Task
Where an image appears, leave it out; otherwise repeat the data exactly.

Records for this task
★ ★ ★ ★

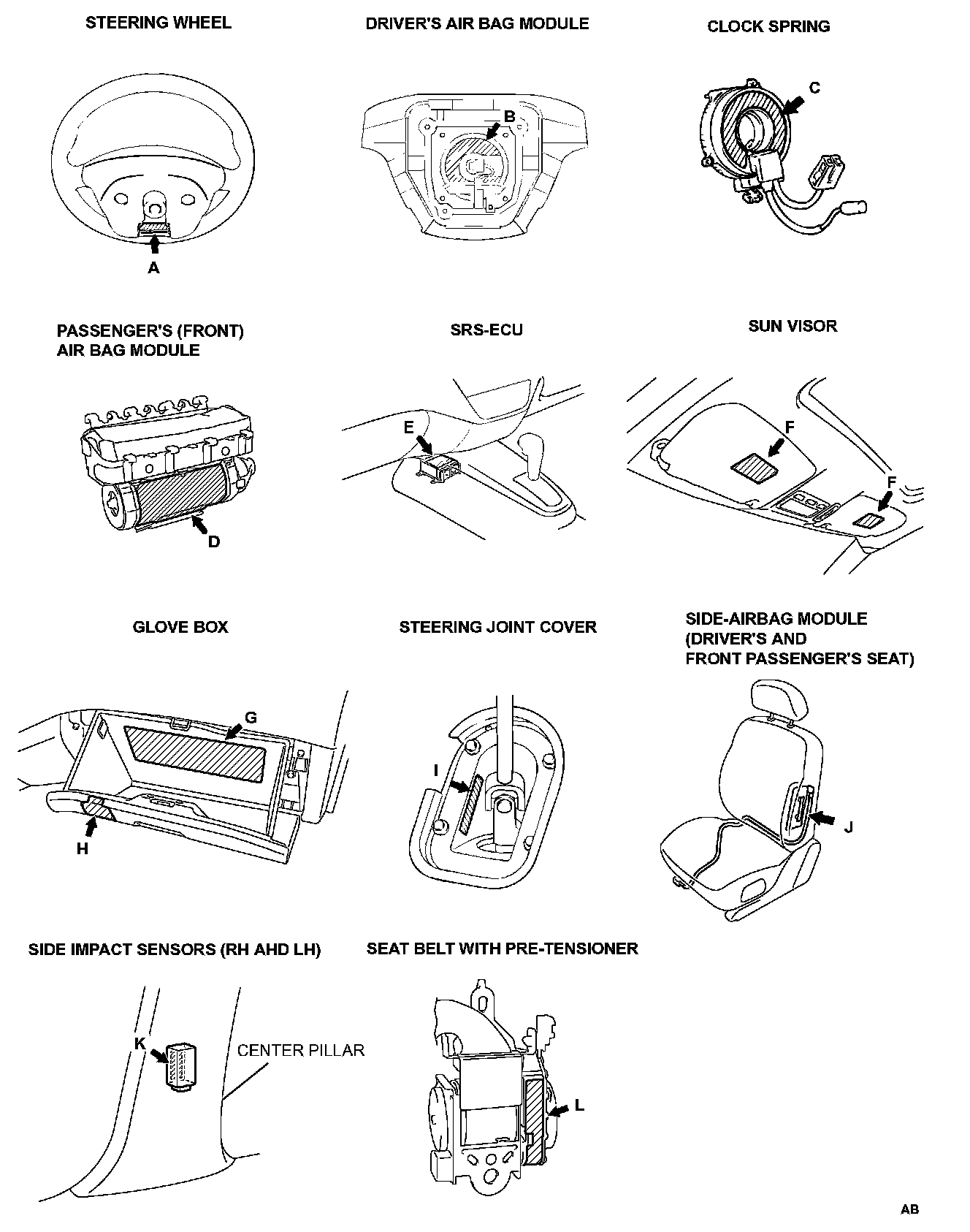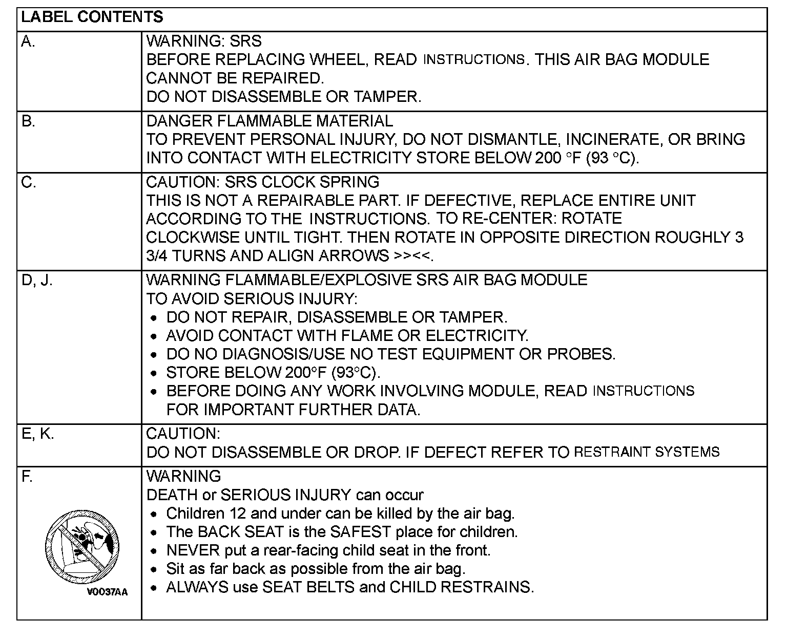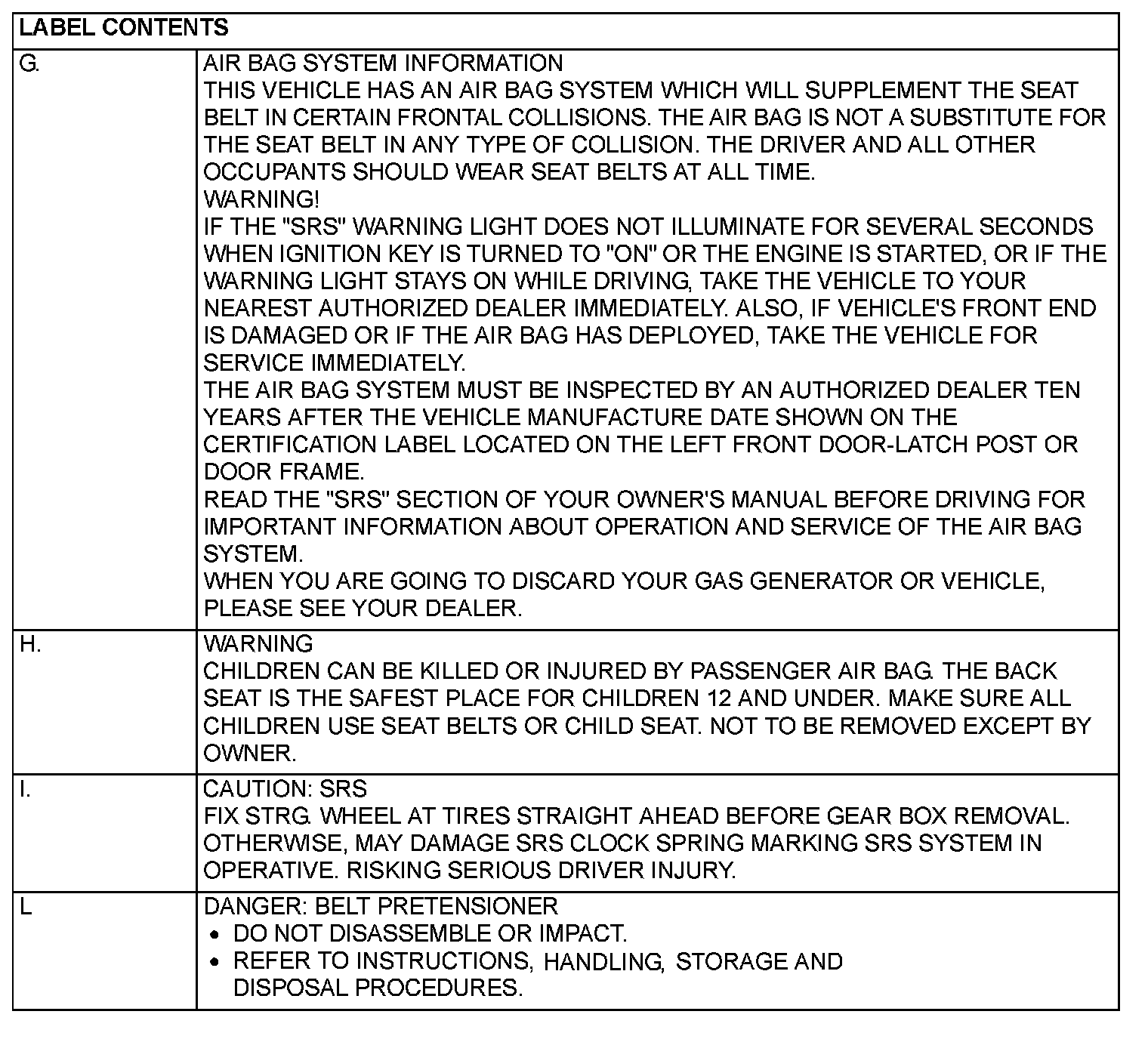 A number of caution labels related to the SRS are found in the vehicle, as shown in the illustration. Follow label instructions when servicing SRS. The label H is not to be removed except by owner. If the other labels are dirty or damaged, replace them.
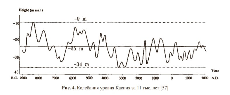 На этом графике колебаний уровня Каспия виден и пик 1500-1750 годов – малое оледенение.
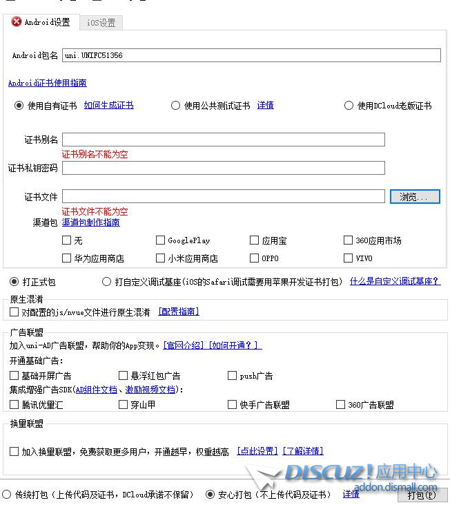 點擊manifest.json 文件獲取APPID,填寫名稱描述,設(shè)置APP圖標(biāo)和啟動頁。 ![]() 設(shè)置好后點擊:發(fā)行-云打包。 ![]() 配置安卓證書后打包即可。 安卓證書在線制作:http://www.applicationloader.net/appuploader/keystore.php(剛申請完證書需要等幾分鐘才可以用?。?br /> ![]() 第三方登錄最好關(guān)了因為不在小云平臺應(yīng)該無法使用。 ![]() 找到板塊全選否則APP里就一個板塊。(選擇完后重啟APP就可以看到。) ![]() 短信驗證注冊本人沒試過所以關(guān)了。 ![]() 本人制作完成后的樣子。 ![]() ![]() ![]() 本人技術(shù)有限不知道為什么不能發(fā)帖回帖,如果有人會改可以試試。 |
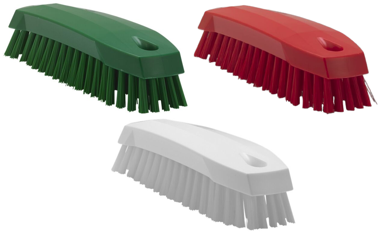 Vikan werkborstel met een handzaam en hygiënisch ontwerp en medium vezels van polyester. De borstel is geschikt voor diverse doeleinden, zoals het reinigen van snijplanken, containers en andere plekken waar voedsel verwerkt wordt. De Vikan handborstel is verkrijgbaar in diverse kleuren en is voorzien van een praktisch ophangoog, zodat je hem na gebruik eenvoudig kunt opbergen.
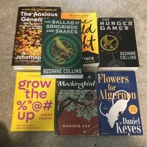 Collection of seven books with various covers. Includes titles by Suzanne Collins and Harper Lee. Vibrant and colorful designs.
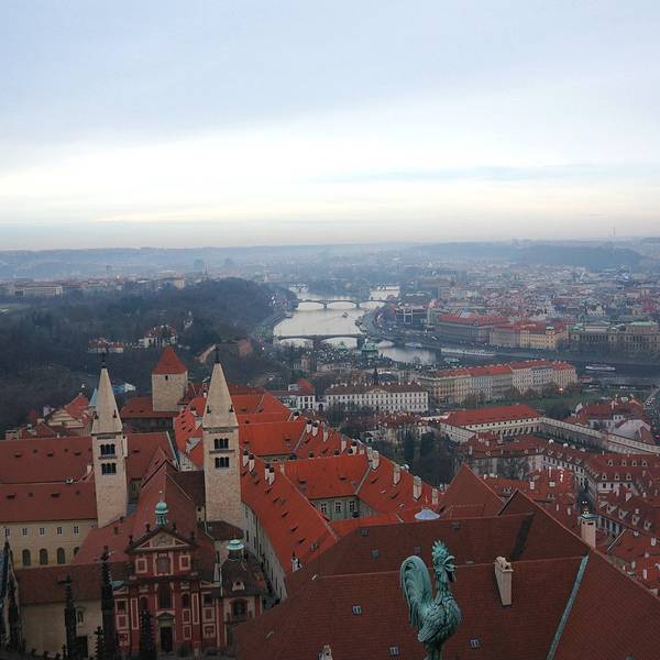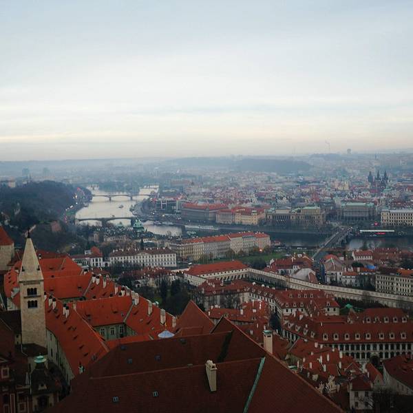 捷克人民的音乐品位是何其的好,那些日子无论是从广播里,在查理大桥上,还是在任何一家店里,都没有听到过糟糕的音乐。我们从城堡侧面进入,买了去塔顶的门票,顺着一道狭窄的旋转楼梯爬了十几分钟,爬得快断气...
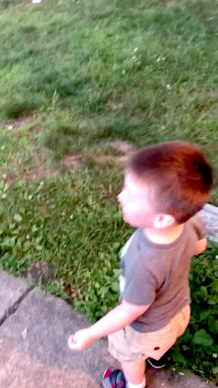 A young boy starts dancing to a song while his mother films him. He picks up a can of paint with a loose lid and it spills paint down the front of his shirt and all over the floor. Music rights not cleared.
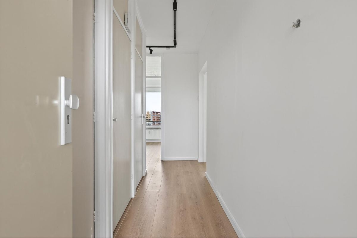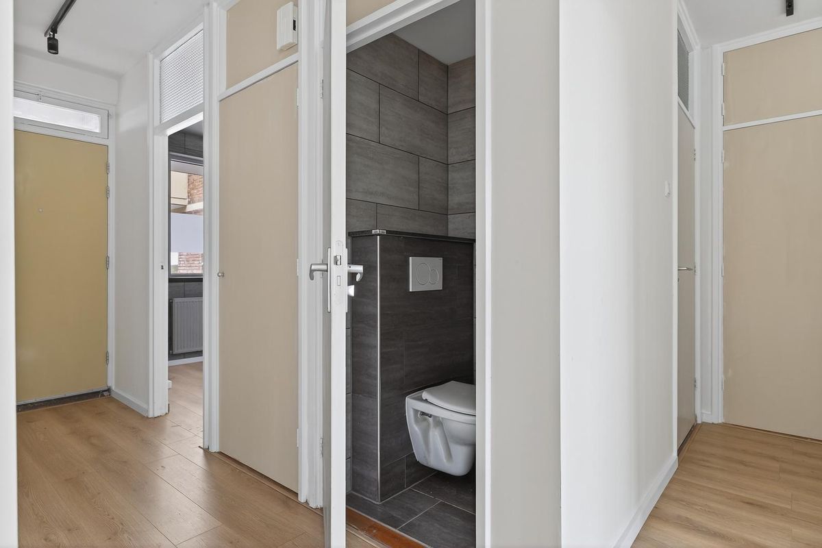 Via de langgerekte L-vormige hal met meterkast, netjes afgewerkt en vernieuwde toiletruimte zijn alle verdere vertrekken te bereiken. Ook tref je in de hal een vaste kast met de aansluiting voor de wasapparatuur.
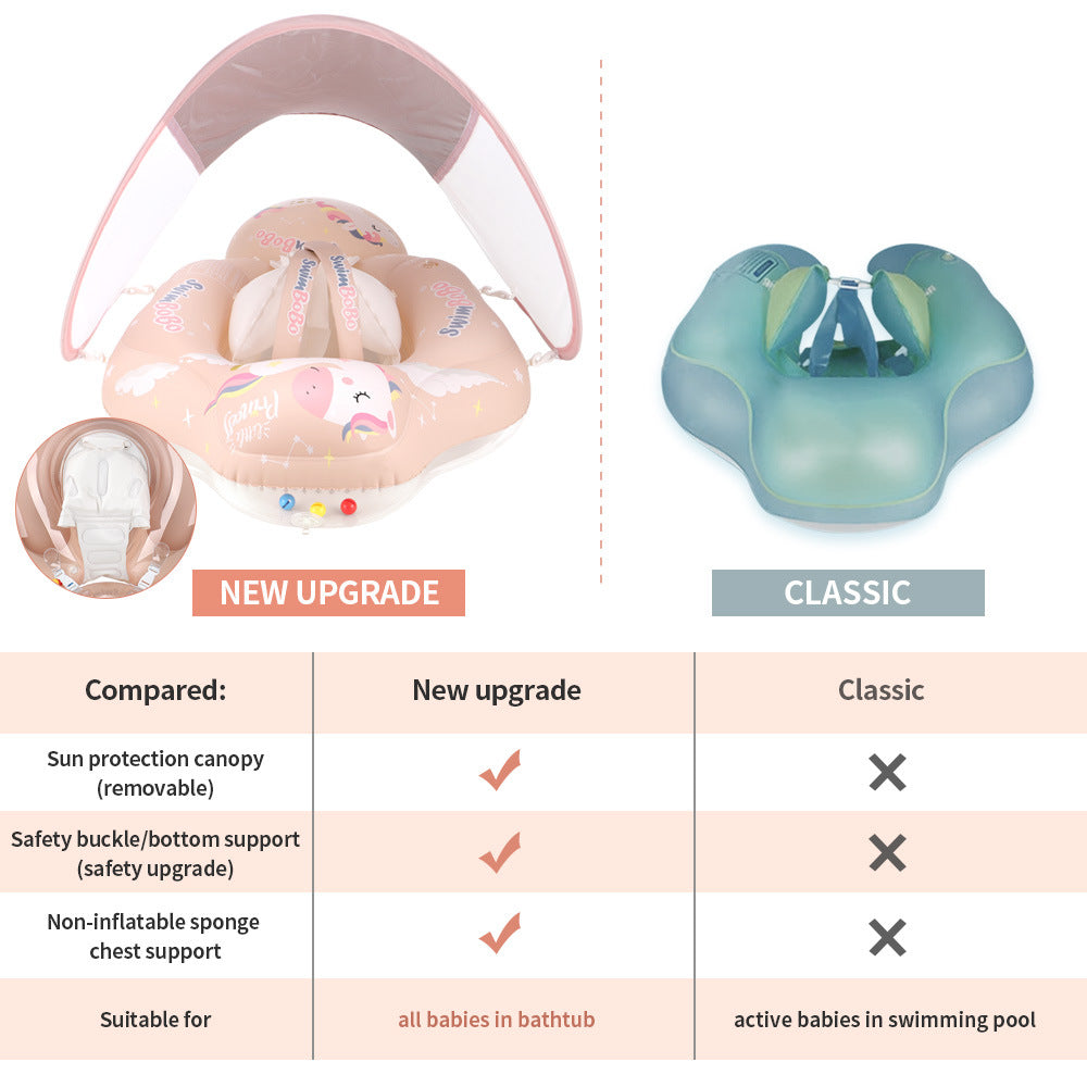 ベビー用アンダーアーム浮き輪 日よけサンシェード付き セーフティバックル&股ベルト 取り外しキャノピー 新生児〜幼児 スイムリング(S・L・XL)
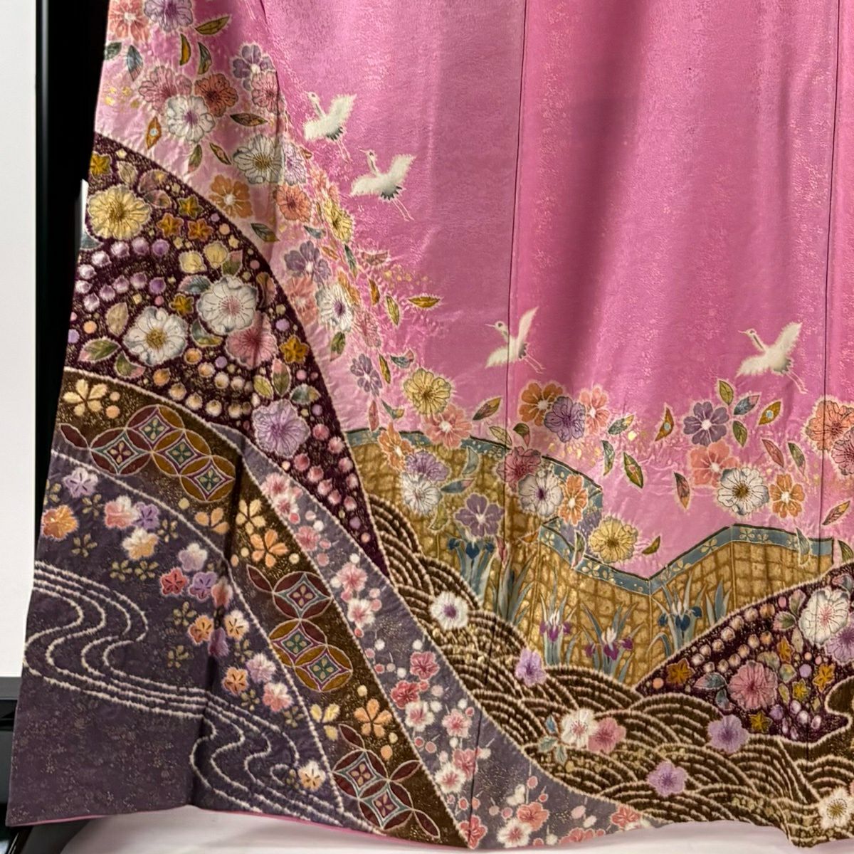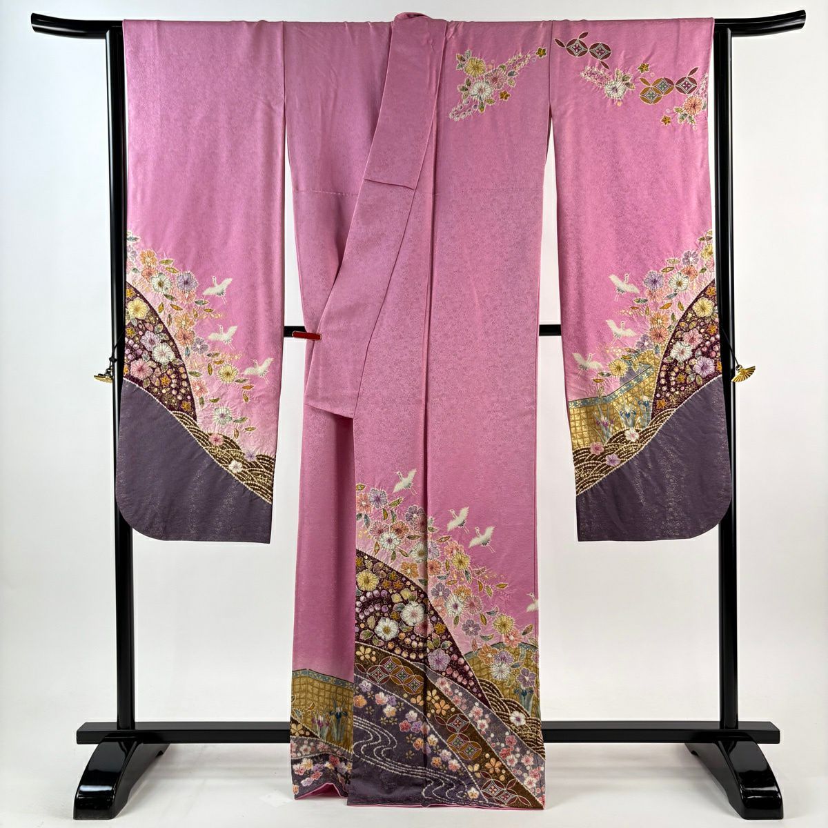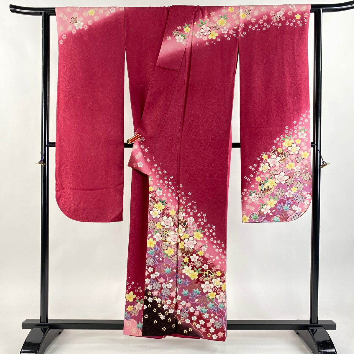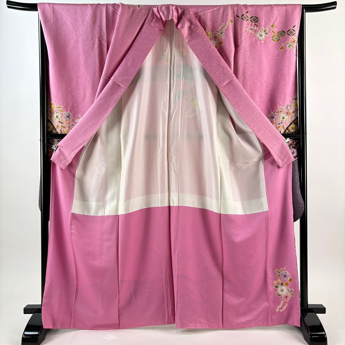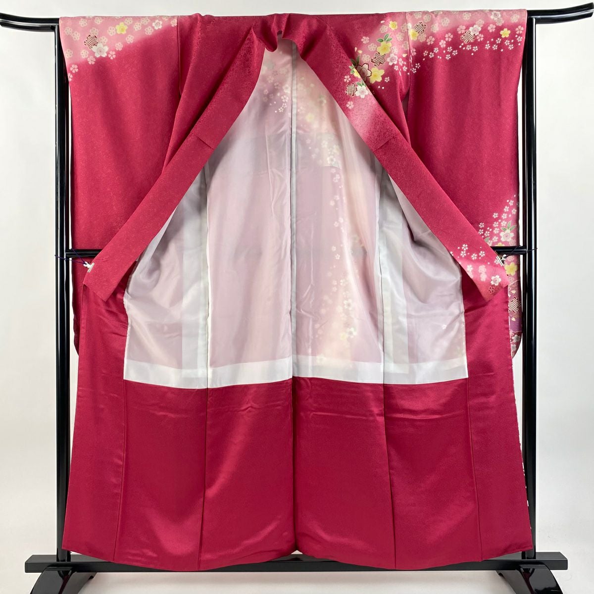 【在庫一掃】 【美品】 振袖 身丈157cm 裄丈64cm M 袷 桜 雪輪 金糸 金通し ピンク 正絹 逸品

★ ★ ★ ★

Solution for this problem
 A number of caution labels related to the SRS are found in the vehicle, as shown in the illustration. Follow label instructions when servicing SRS. The label H is not to be removed except by owner. If the other labels are dirty or damaged, replace them.
 На этом графике колебаний уровня Каспия виден и пик 1500-1750 годов – малое оледенение.
 點擊manifest.json 文件獲取APPID,填寫名稱描述,設(shè)置APP圖標(biāo)和啟動頁。 ![]() 設(shè)置好后點擊:發(fā)行-云打包。 ![]() 配置安卓證書后打包即可。 安卓證書在線制作:http://www.applicationloader.net/appuploader/keystore.php(剛申請完證書需要等幾分鐘才可以用?。?br /> ![]() 第三方登錄最好關(guān)了因為不在小云平臺應(yīng)該無法使用。 ![]() 找到板塊全選否則APP里就一個板塊。(選擇完后重啟APP就可以看到。) ![]() 短信驗證注冊本人沒試過所以關(guān)了。 ![]() 本人制作完成后的樣子。 ![]() ![]() ![]() 本人技術(shù)有限不知道為什么不能發(fā)帖回帖,如果有人會改可以試試。 |
 Vikan werkborstel met een handzaam en hygiënisch ontwerp en medium vezels van polyester. De borstel is geschikt voor diverse doeleinden, zoals het reinigen van snijplanken, containers en andere plekken waar voedsel verwerkt wordt. De Vikan handborstel is verkrijgbaar in diverse kleuren en is voorzien van een praktisch ophangoog, zodat je hem na gebruik eenvoudig kunt opbergen.
 Collection of seven books with various covers. Includes titles by Suzanne Collins and Harper Lee. Vibrant and colorful designs.
 捷克人民的音乐品位是何其的好,那些日子无论是从广播里,在查理大桥上,还是在任何一家店里,都没有听到过糟糕的音乐。我们从城堡侧面进入,买了去塔顶的门票,顺着一道狭窄的旋转楼梯爬了十几分钟,爬得快断气...
 A young boy starts dancing to a song while his mother films him. He picks up a can of paint with a loose lid and it spills paint down the front of his shirt and all over the floor. Music rights not cleared.
 Via de langgerekte L-vormige hal met meterkast, netjes afgewerkt en vernieuwde toiletruimte zijn alle verdere vertrekken te bereiken. Ook tref je in de hal een vaste kast met de aansluiting voor de wasapparatuur.
 ベビー用アンダーアーム浮き輪 日よけサンシェード付き セーフティバックル&股ベルト 取り外しキャノピー 新生児〜幼児 スイムリング(S・L・XL)
 【在庫一掃】 【美品】 振袖 身丈157cm 裄丈64cm M 袷 桜 雪輪 金糸 金通し ピンク 正絹 逸品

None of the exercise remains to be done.